Rimini, clandestini nella nuova questura

Il nostro viaggio: "In spiaggia è troppo freddo, ora dormiamo qui"

A fianco l’auto del titolare della società fallita, che ha costruito la nuova questura, abbandonata davanti alla struttura

A fianco l’auto del titolare della società fallita, che ha costruito la nuova questura, abbandonata davanti alla struttura

Rimini, 17 luglio 2017 - Grand Hotel nuova questura: avanti c’è posto.. Lo stabile di via Melucci è diventato una sorta di albergo a 5 stelle per immigrati irregolari, sbandati e clochard, che specie durante i mesi estivi lo utilizzano come rifugio. Molto più accogliente rispetto ad ex colonie in rovina, sottopassi trafficati o alberghi fatiscenti. Qui è tutto nuovo - dagli infissi ai soffitti - anche se vandalizzato come se non ci fosse un domani. Ma nessun clandestino protesta per questo regalo della provvidenza: manca solo che qualcuno degli ospiti si lamenti perché è stata prosciugata la piscina naturale degli anni scorsi. Niente numeri da tutto esaurito, ma qualche presenza poco turistica nel ventre del gigante abbandonato da 29mila metri quadri - cinque corpi di fabbrica tra questura vera e propria, alloggi degli agenti, impianti, poligono e sale operative - si registra piuttosto spesso. I clandestini li abbiamo incontrati nel nostro piccolo tour di perlustrazione nella tarda mattinata di ieri.

Tre immigrati di origine tunisina, che avevano allestito alla bell’e meglio una delle stanze al primo piano dell’immobile principale. Letti con coperte e cuscini, suppellettili, bottiglie di birra e acqua, bicchieri, un tavolino, sedie, oggetti personali, forbici, cellulari, biancheria di ricambio, pure un peluche... Tre ragazzi, giovani, impauriti dal nostro arrivo. Tranne quello che sembra il capo - di certo il più anziano del trio - che chiameremo ‘Ashraf’, dice di avere «trent’anni», di essere «originario di Tunisi», «clandestino in Italia da nove anni», di avere «già abitato in Svizzera, dove ho un figlio di due anni».

«Veniamo da Bologna – spiega Ashraf –, dove paghiamo 150 euro al mese a testa un letto, in nero. In nero anche qualche lavoretto che faccio, come elettricista, barbiere o altro. Ci siamo conosciuti lì, non in Tunisia. Qui a Rimini gli alberghi costano troppo, abbiamo dormito in spiaggia qualche notte, ma è freddo. Stiamo in questo posto da una settimana». A fare cosa, ci verrebbe da chiedere. Ma evitiamo. «Abbiamo girato un po’ per Rimini con un amico – continua Ashraf mentre giochicchia con un coltello multiuso di fabbricazione elvetica – finché non abbiamo trovato questo posto. Non lo conoscevamo. Ma adesso ce ne andiamo via, non vogliamo guai».

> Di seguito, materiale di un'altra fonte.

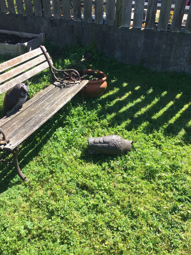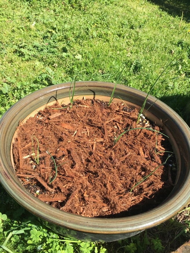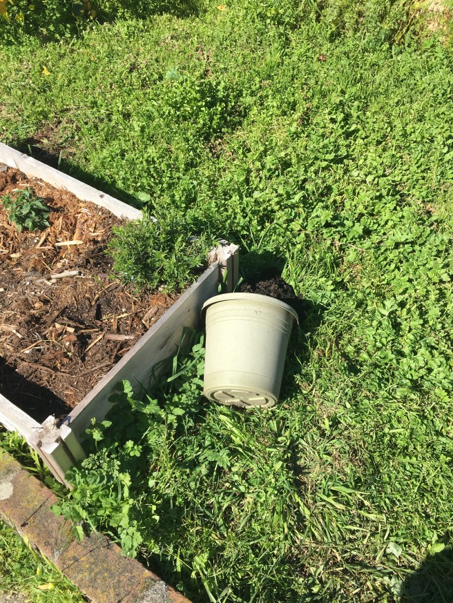 Ha ha oops. There goes the garlic chives! My fault for using that old plastic pot I guess- I had gambled that the weight of the soil would be enough but apparently it was not!

Continuiamo il tour. Lo spettacolo è quello di sempre. Desolante. Spettrale. Porte sfondate, o divelte dai cardini per essere sfruttate come letti; impianti elettrici e dell’aria condizionata fatti a pezzi; qua e là estintori ammassati; resti di cibo, escrementi, cocci di vetro, scatole di sigarette vuote, lattine di birra e bottiglie d’acqua vuote nelle camere e nei corridoi. In qualche camera carte di alluminio bruciate, accendini e siringhe: segno che qualcuno lì si è preparato dosi di droga. In molti ambienti sono stati divelti anche soffitti e pavimenti. A salvarsi solo i magnifici soffitti in legno a vista della sala che era destinata alla mensa, e quelli della palestra. Sradicate anche diverse finestre, sparito il rame degli impianti, rubate (da tempo) tubi e rubinetteria. Gli ospiti entrano forse dal lato nord, lato grande parcheggio, scavalcando una cancellata e entrando dal piano dei garage. Enorme, e costruito per far parcheggiare anche pesanti blindati. Vicino ci sono le celle, con telecamere murate nel soffitto. In un prato, abbandonata, la Volvo S60 di Gianfranco Damerini, ex titolare della società DaMa che ha costruito l’immobile, poi fallita. Quadro disarmante. Ma si lavora per un recupero del gigante in rovina.